Is this an a-typical experience? I can't think of the last time I saw a project with a date that the engineer hadn't set.


👤 jemmyw
I like the place I work, it's pragmatic, doesn't jump on every bandwagon, ships features to customers (I've worked places that just couldn't get things shipped), has interesting problems, blameless culture, 100% remote. Still a good size for me, not too big, not tiny. Great CTO who is very intelligent, kind, yet firm when he disagrees.

I doubt we're setting trends. It's just a lovely place to work. https://www.aha.io/


👤 didip
No such thing as a company with the best work culture. It is very dependent on the team and the manager.

And even if you found an amazing team, all it takes is one re-org for the team to be ruined.


👤 mlhpdx
Unfortunately the answer is a lot of companies. Not big names, not ones that extol their own virtues, not the loudest voices. So, yeah, difficult to find but numerous.
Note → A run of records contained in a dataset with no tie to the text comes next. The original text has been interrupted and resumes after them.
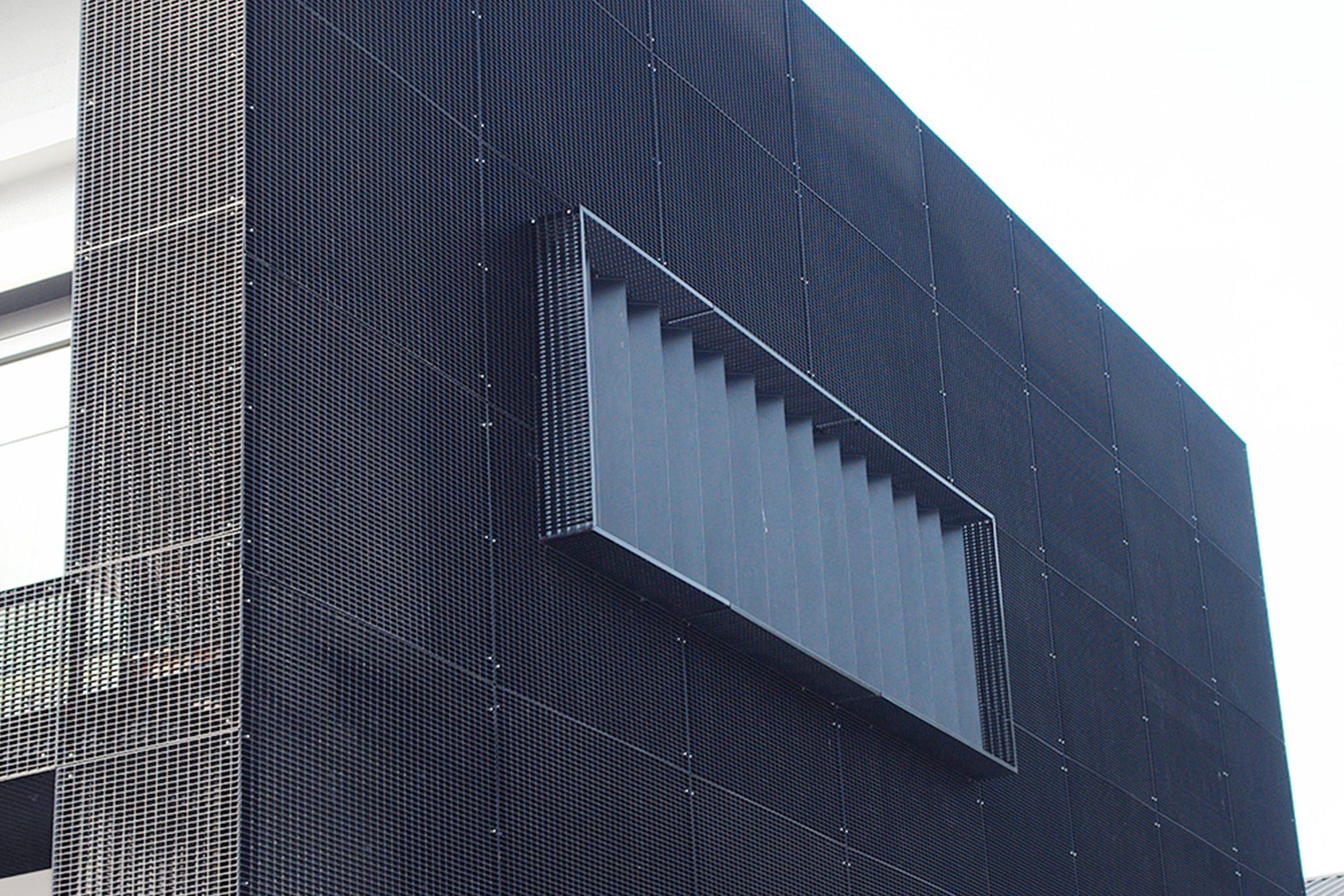 La rénovation de l’un des plus anciens garages BWM du Luxembourg avait pour objectif de lui donner une nouvelle image sans pour autant nier l’histoire de ce bâtiment datant de 1965. Comme les transformations devaient se faire sans interrompre les activités du garage, le choix s’est tout naturellement porté sur une construction métallique légère et facile à monter. La construction métallique thermolaquée est en caillebotis avec sous-construction métallique. Cette forme d’habillage de la façade la rend tantôt transparente, tantôt opaque. En fonction de la perspective, la bâtisse d’origine est donc apparente ou dissimulée, c’est selon!
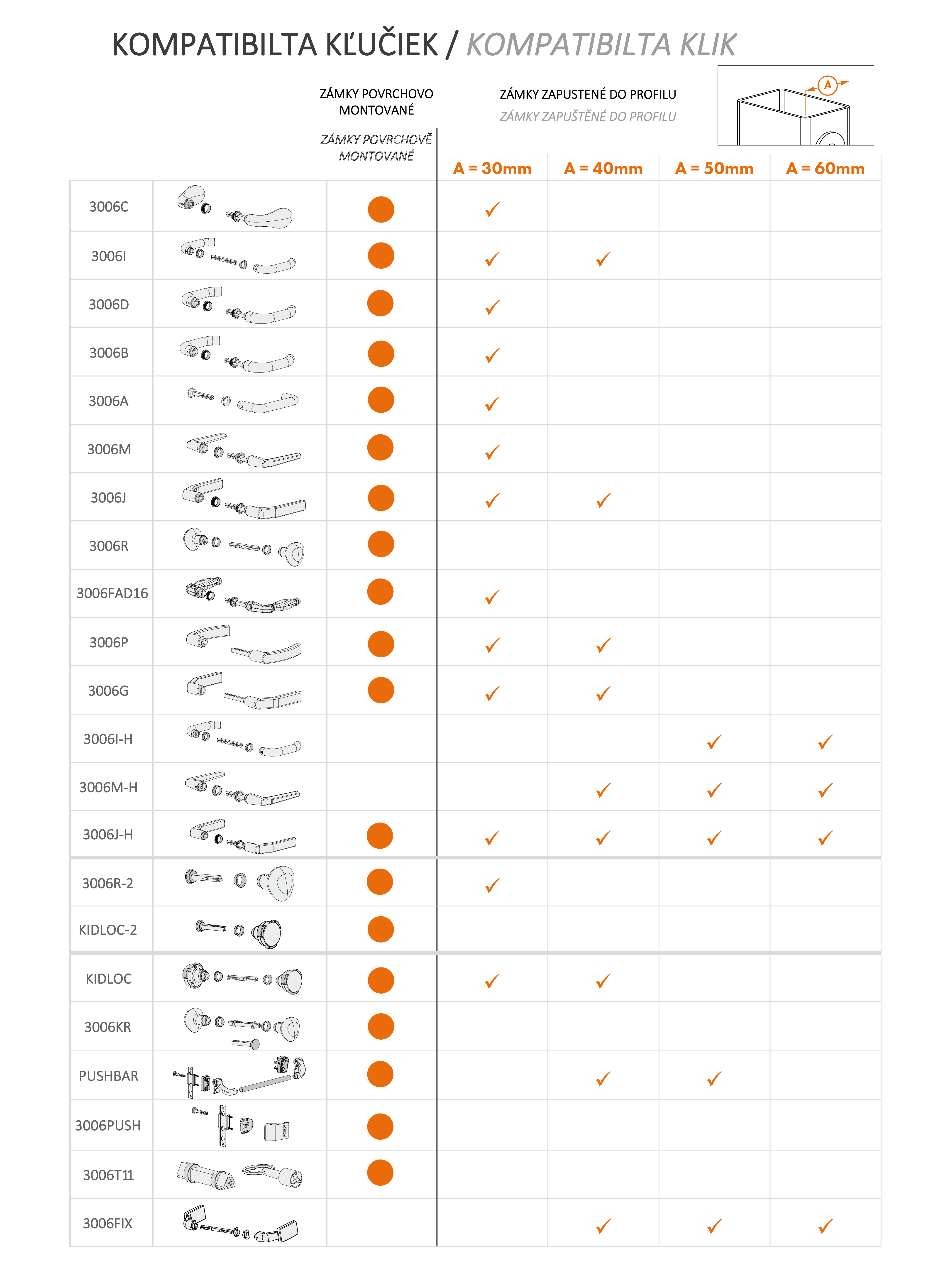 1 PÁR LOCINOX® 3006M - hliníková klika s plastovými kroužky, čtyřhranem a jistícím šroubem
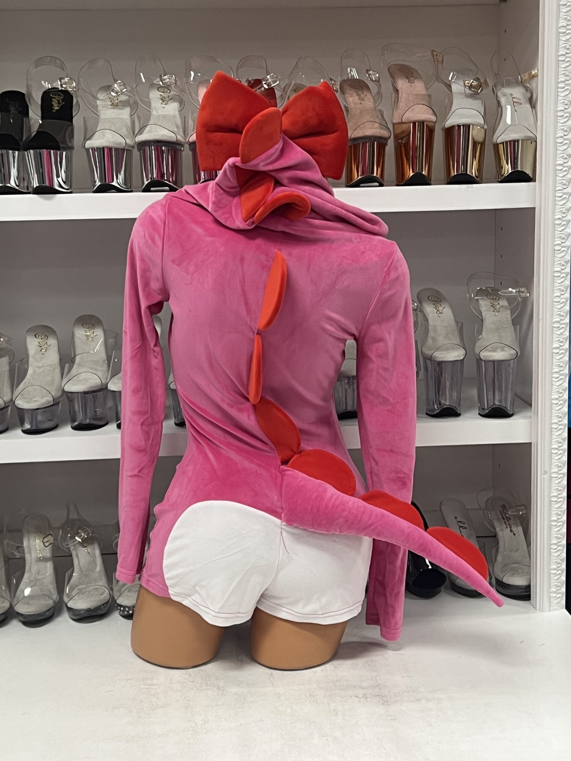 Comfy Dino Cutie Costume – pink romper outfit with dino hood and red bow, cozy one-piece Halloween or cosplay costum
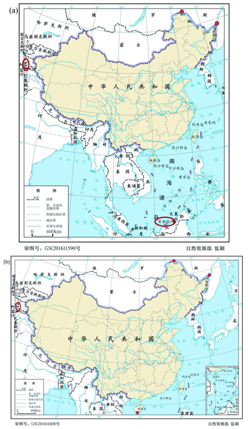 科技论文地图插图中,涉及行政区划界线问题最多的是国界线问题,其次是省界。因此,本节将重点分析国界线的不规范绘制或错误表达问题,省界仅述及错误较多的甘肃省与青海省省界等。
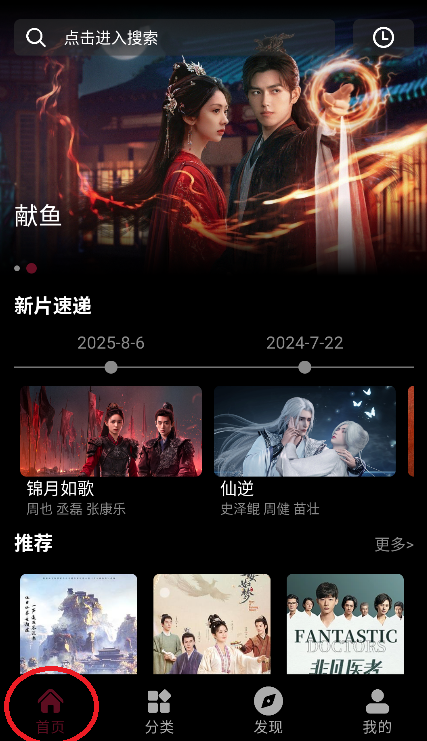 顶部搜索栏:点击进入搜索页面,快速查找影视内容
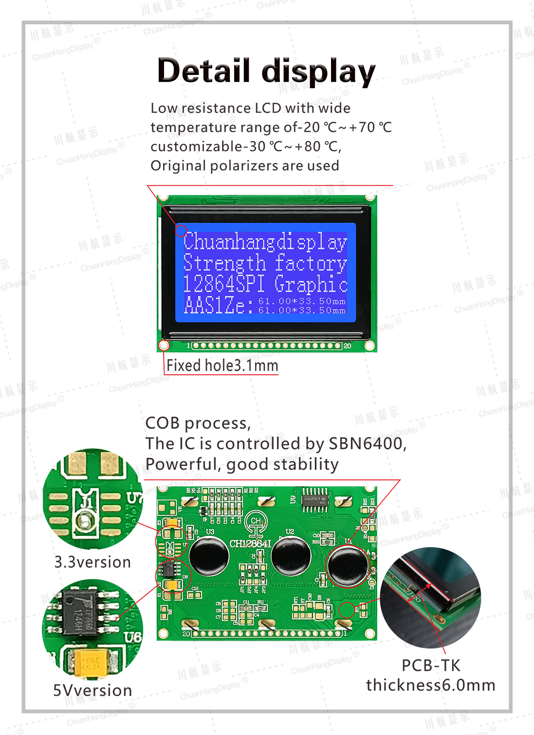 1.2 IC uses SBN6400/AIP31108, there is no font library in the chip, programmers compile font library by themselves.

Generally I’ve found them to be smallish companies with a track record of growth (“uninterrupted prosperity”) and a culture that values the holistic good (i.e. has buried the exclusive focus on shareholders) and comes from the top.


👤 JonChesterfield
Also welcome, what companies have broadly adequate dev culture?

Something like:

- you don't get paged when things break

- it's possible to ship to production within, say, a month

- there's a sane CI system in place

- there's no product owner between you and the customer

- at least partially remote working is OK

(@op perhaps you could clarify what would qualify as amazing culture? I suspect the bar is higher than the above)


👤 isuckatcoding

👤 notsure357
GitLab is my favorite company to watch, really hope they someday become more popular than GitHub

👤 ushakov
Vercel, Fly.io, Automattic, GitHub, HashiCorp

👤 kirso
Some of these companies can also be found here: https://peoplefirstjobs.com

It doesn't seem to be updated very often though with resources so I am collecting a static list of such companies in case anyone is interested to explore. Obviously it won't fit across the bill but some of the criteria:

- Product-led

- Known for excellent engineering culture

- Outcome oriented

- Remote

- Invest in professional development

- Neither chaotic or beauracratic

- Sustainable & profitable


👤 tompic823
At Doppler we have a strong culture of engineering excellence, thorough PR review, security, automation/CI, and helping each other succeed. We give engineers 30% time to work on things they think are important and are remote first (but also have an office in SF). Our engineering team hangs out in Discord all day to make pair programming/debugging easy. It helps that our CEO used to be an engineer.

👤 brundolf
I don't have firsthand knowledge, but based on their product I get the feeling Discord must have an amazing dev culture

👤 gardenhedge
I don't have the link right now but apparently Spotify didn't follow their own squad stuff that they put out into the industry.